Similarly, Kimberly-Clark made notable strides this year as the first forest fiber tissue company in NRDC’s scorecard to demonstrate progress toward eliminating deforestation and forest degradation throughout its supply chains. The company’s new forest policy and goals, announced earlier this year, include commitments to avoiding deforestation and reducing the impact of natural forest degradation across its supply chains. Although lacking a time-bound commitment, the company also set an ambition to rid its entire product line of natural forest fiber. Given these developments, Kimberly-Clark’s tissue brand offerings—Cottonelle, Scott, Viva, and Kleenex—each took a step up from their former F grades to now scoring Ds. 
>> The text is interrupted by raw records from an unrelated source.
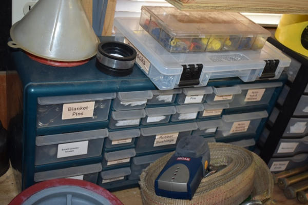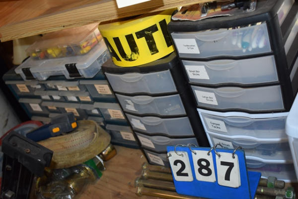 Lot consisting of nylon nuts, washers, nylon bushings, safety pins, wheels, plastic organizer bins
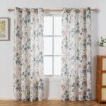 MYSKY HOME Floral Curtains for Living Room Linen Look Semi Sheer Vertical L…
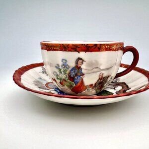 Antique Japanese Kutani Porcelain Teacup & Saucer Set Hand-Painted - Geisha Ware
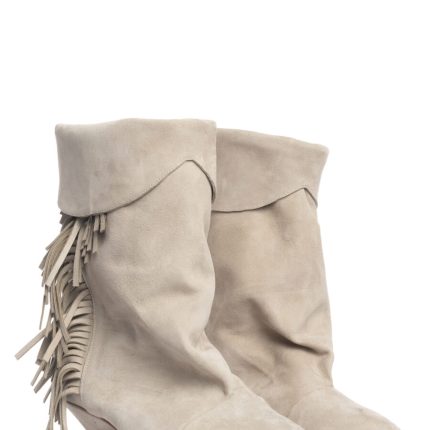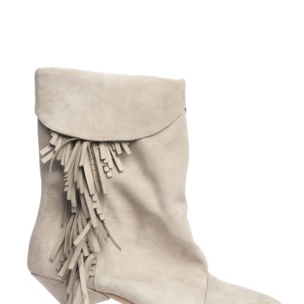 GISEL MOIRE BOOTS -Ariana sand suede fringe ankle boots
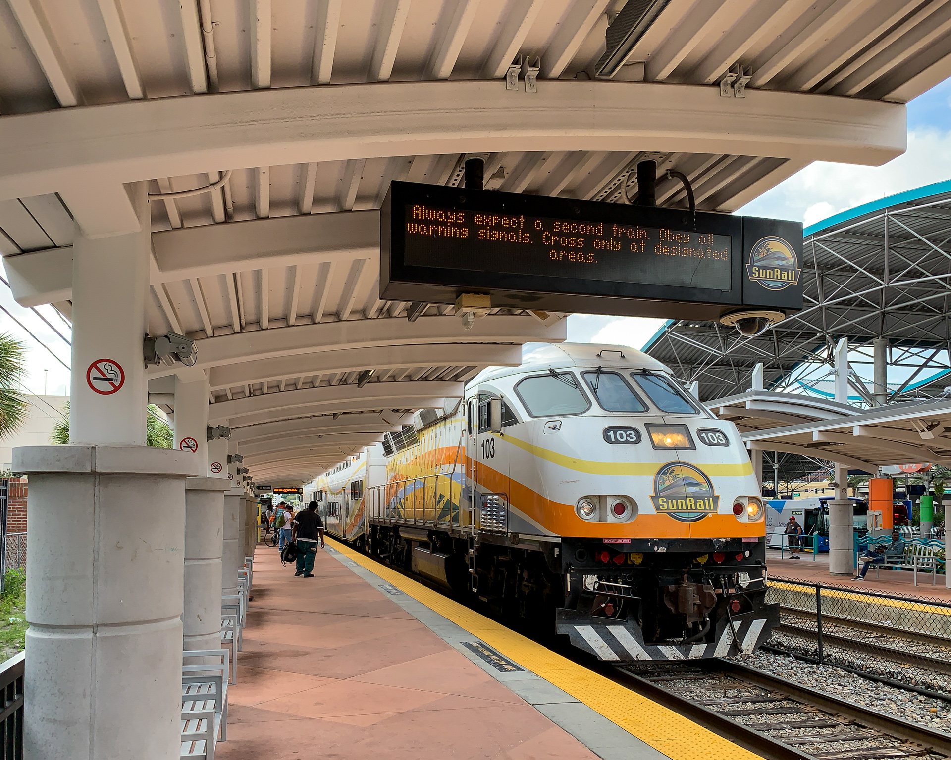 Fast eine Stunde dauert die Fahrt über Winter Haven und Sanford bis DeBary, dem nördlichen Endpunkt der Linie. Das ist ungefährt die halbe Strecke von Orlando in Richtung Daytona Beach. Ausser Park und Ride Plätzen gibt es an der Station nichts Interesssantes, wir fahren daher sofort wieder zurück.
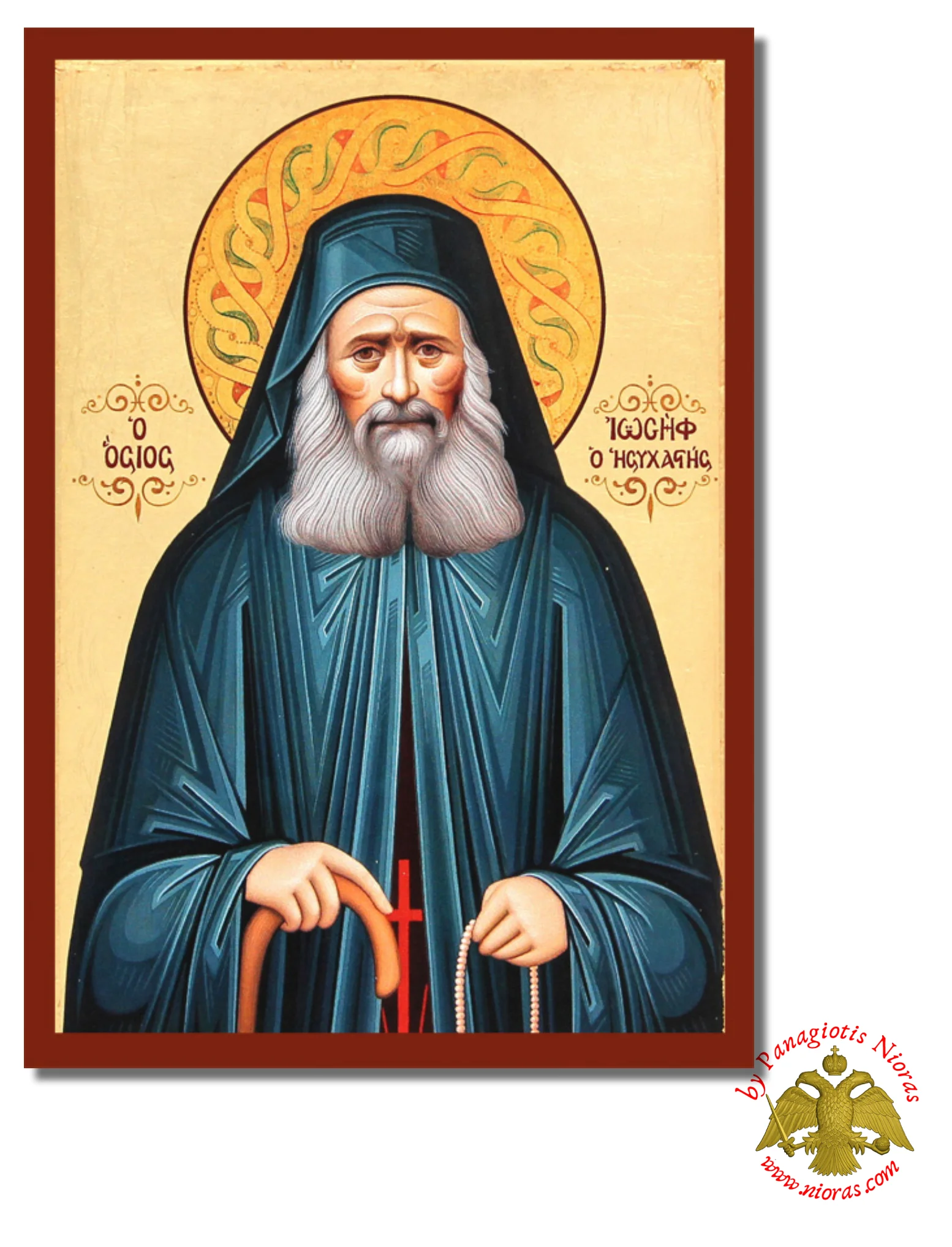 Χειροποίητη Ξύλινη Εικόνα Ο Άγιος Ιωσήφ ο Ησυχαστής Σε Καμβά.
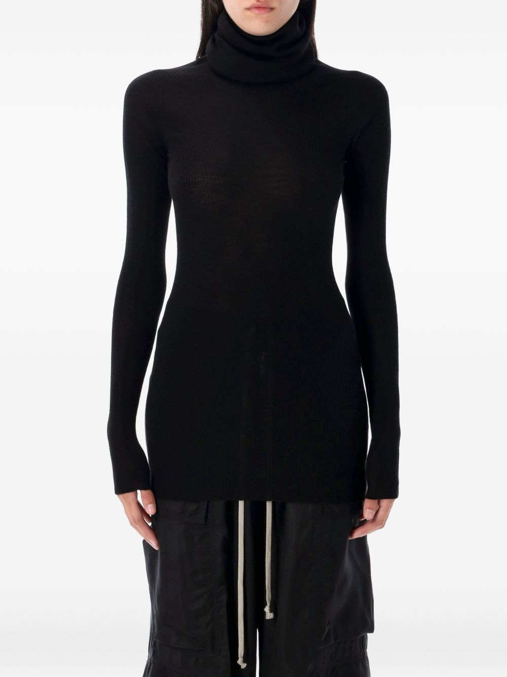 ribbed turtleneck top Highlights - Black - Turtleneck - Ribbed texture - Long sleeves - Straight hemline Made in Italy Composition Virgin Wool 100% Washing instructions Read Manufacturer Guidelines
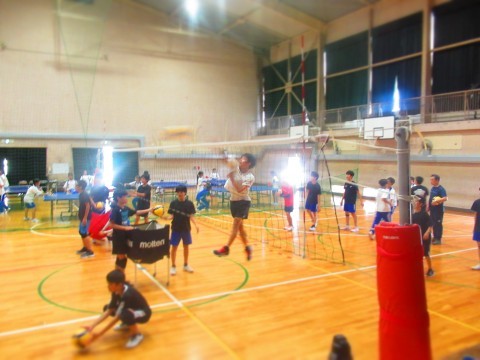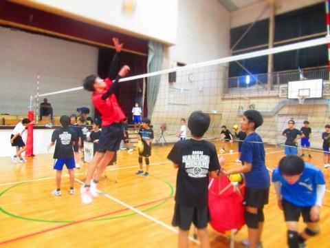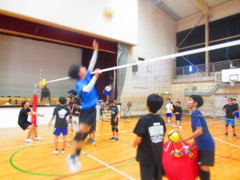 男子バレーボール部の練習(スパイク練習)では、思い切りジャンプをし、腕を振り下ろし凄まじいスピードボールを放っています。
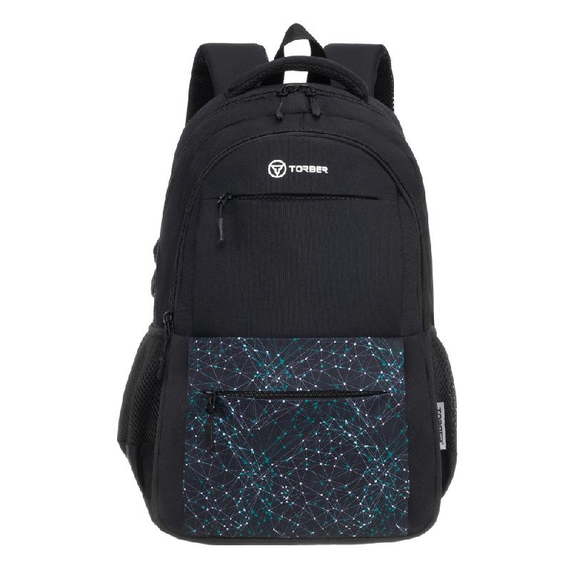 Рюкзак TORBER CLASS X, черный с орнаментом, 45 x 30 x 18 см + Мешок для сменной обуви в подарок!!
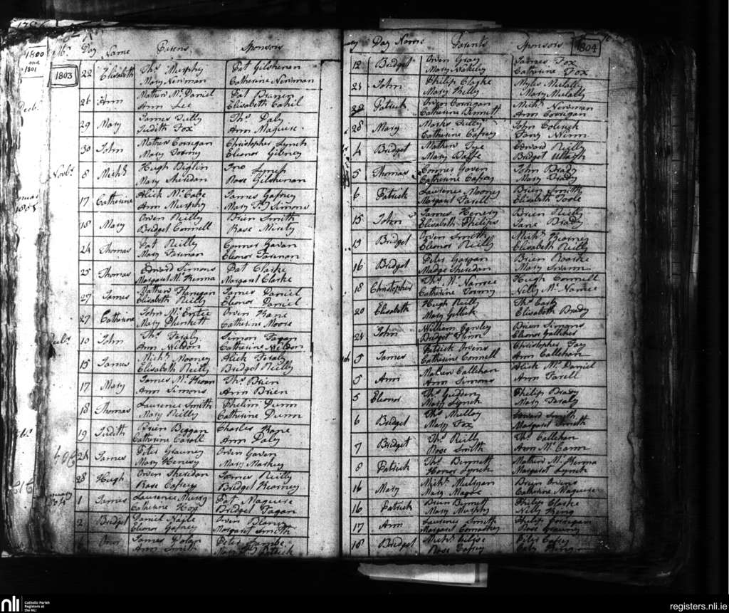 Kilskyre; County of Meath; Diocese of Meath. Baptisms, Oct. 1803 to Mar. 1804
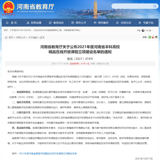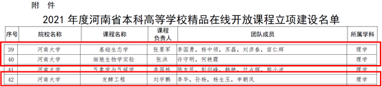 近日,河南省教育厅公布2021年度河南省本科高校精品在线开放课程立项建设名单,公司刘宇鹏教授主持的《发酵工程》、张洪博士主持的《细胞生物学实验》和张要军博士主持的《基础生态学》在列。
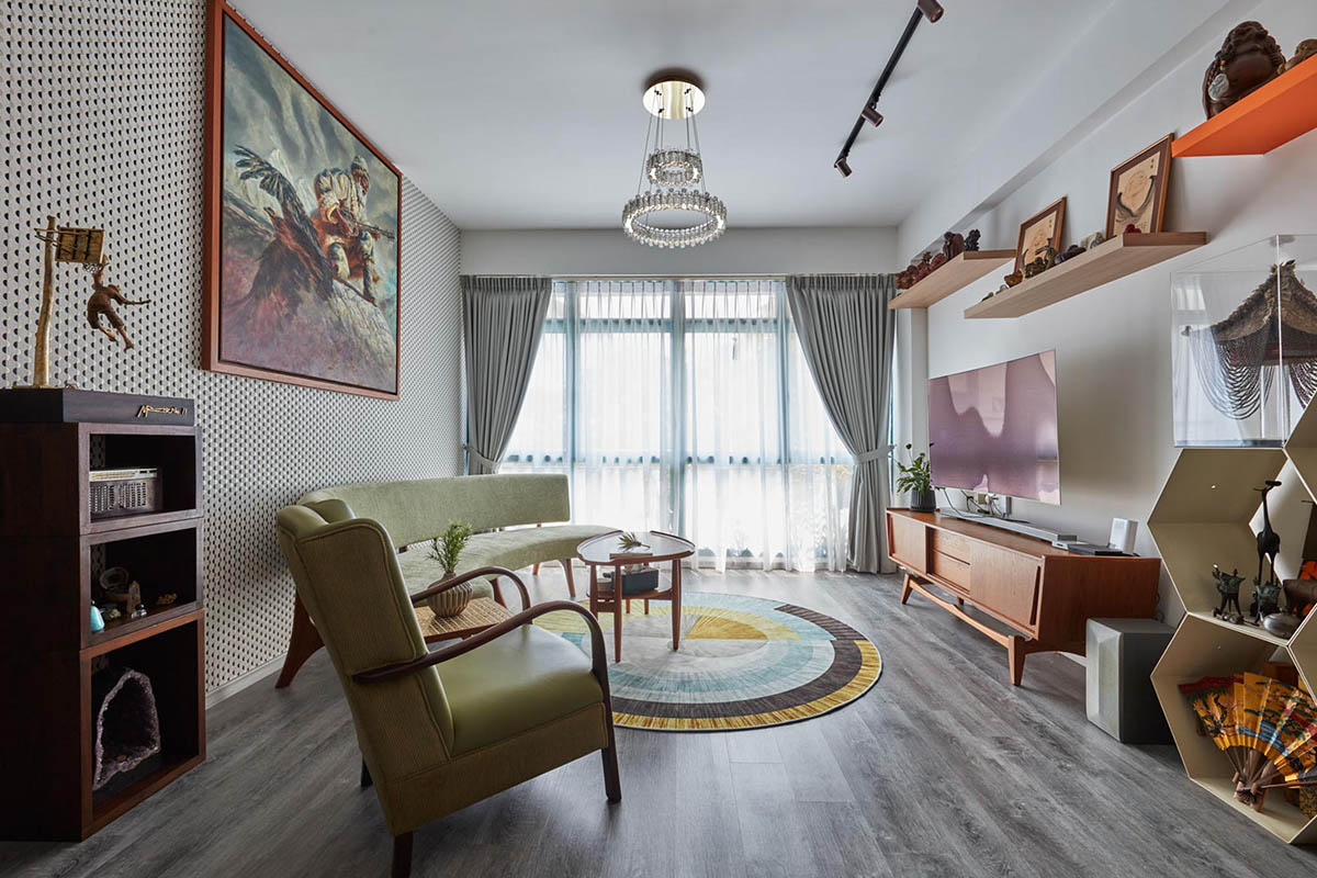 This carefully curated space seamlessly blends textures, patterns, and colours to create a truly captivating and unique ambiance. The walls and floors take centre stage, adorned with intricate patterns and textures that delight the eye with their attention to detail. The fusion of Scandinavian and Peranakan elements harmoniously coexists, resulting in a visual symphony that exudes character and style. A colourful palette is artfully employed, evoking a sense of nostalgia and playfulness. The Peranakan feel is brought to life through carefully chosen hues, adding a touch of whimsy and beauty to the space. Each colour is thoughtfully incorporated, creating a cohesive and visually stunning environment. Wooden furniture is selected throughout, further enhancing the design fusion. The natural warmth and elegance of wood infuse the space with a sense of comfort and timelessness. The bedrooms are rejuvenating sanctuaries, inviting you to relax and unwind. One of the bedrooms features a clever space-saving solution—a pulled down bed from the wall. This innovative design maximises functionality without compromising on style. The bathroom is a carefully designed retreat, incorporating Peranakan elements without sacrificing organisation or cleanliness. The Peranakan touches are tastefully integrated, creating a space that feels nostalgic yet effortlessly chic.
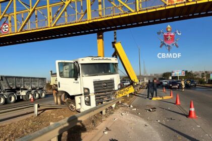 Caminhão bate em passarela e deixa motociclista ferido em acidente com outros veículos na via Estrutural
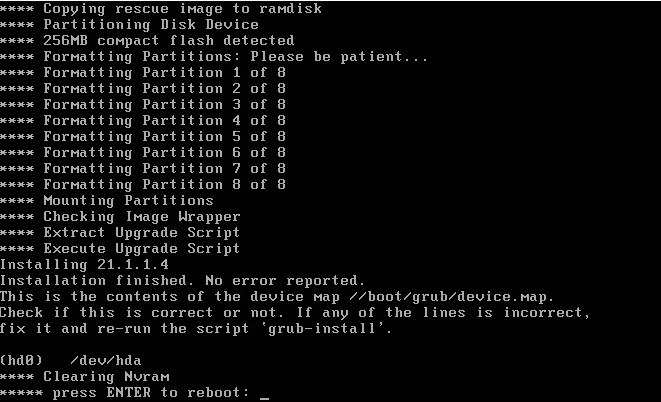 A prompt for reboot is displayed when installation is complete.
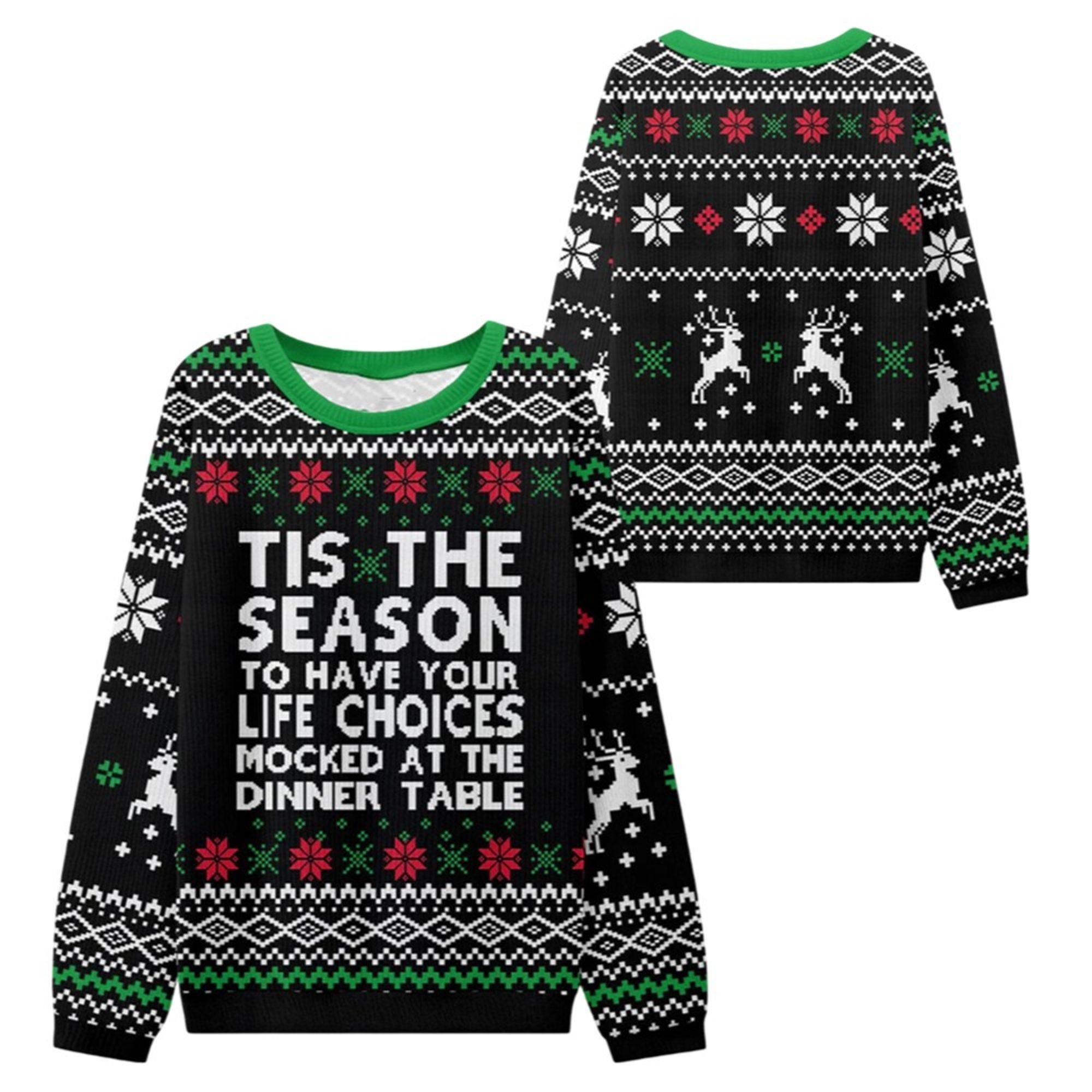Front Graphic: Dominating the front is the large, white, highly-legible text: “TIS THE SEASON TO HAVE YOUR LIFE CHOICES MOCKED AT THE DINNER TABLE.” Classic Holiday Accents: The text is surrounded by traditional holiday motifsâsnowflakes, reindeer, and geometric patternsâin eye-catching shades of green, red, and white. The green rib-knit collar adds a final pop of color.
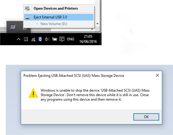 If any processes are running from the external drive, it will prevent the hard drive from being ejected, you can manually end the background process in Task Manager.
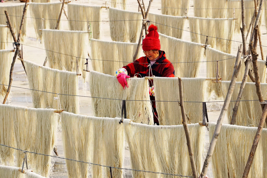 一到冬季,湖北郧阳手工红薯粉条成了市场俏销产品。今年,郧阳20个乡镇(场)共种植红薯15万亩;长坪村5组村民赵久胜一家,用15天时间,完成10000多斤手工红薯粉条的漏制,今年又将过个好大年。眼下,长坪村、蔡家岭村、二道坡村等周边500多农户正在忙着用传统手工艺,加工红薯粉条。“郧阳红薯粉条”已是当地地理标志产品。(记者邹明强 通讯员周家山 罗静)

While Kimberly-Clark and Georgia-Pacific still have much more progress to make, this year’s improvements stand in stark contrast to P&G’s near total stagnation. For the sixth year in a row, P&G’s flagship tissue brands, Charmin, Bounty, and Puffs, each received F grades for continuing to be made almost exclusively from forest fiber, despite the existence of sustainable alternatives. The company’s years of inaction not only continue to fuel widespread impacts on the Canadian boreal forest and its threatened species, its vast stores of carbon, and the communities that depend on it—it’s also led to growing discontent with P&G’s leadership. This includes the nearly 500,000 consumers who have signed petitions urging the P&G CEO to stop flushing our forests, as well as the shareholders who, concerned over the company’s irresponsible forest sourcing practices, voted tens of billions of dollars in shares against the re-election of P&G board members last October.

Thankfully, consumers now have a slew of sustainable tissue brands to choose from. Of the 61 toilet paper products reviewed in this year’s scorecard, 28 received a B grade or higher—and there are even more sustainable options beyond those NRDC reviewed. Top spots went to recycled content brands, like Seventh Generation, Green Forest, and Whole Foods Market’s 100% recycled content line, in addition to ARIA. Brands receiving a B grade include 100% bamboo fiber brands that have been certified by the Forest Stewardship Council (FSC), like PlantPaper, Caboo, and Reel. Although bamboo’s footprint is larger than recycled content, its carbon and land impacts are much smaller than those of northern bleached softwood kraft fiber, a form of wood pulp that overwhelmingly comes from the Canadian boreal forest. Furthermore, tissue-saving options like bidets and bidet toilet seat attachments, which may help to reduce toilet paper use by 75% to as much as 90%, have seen rising popularity in the United States.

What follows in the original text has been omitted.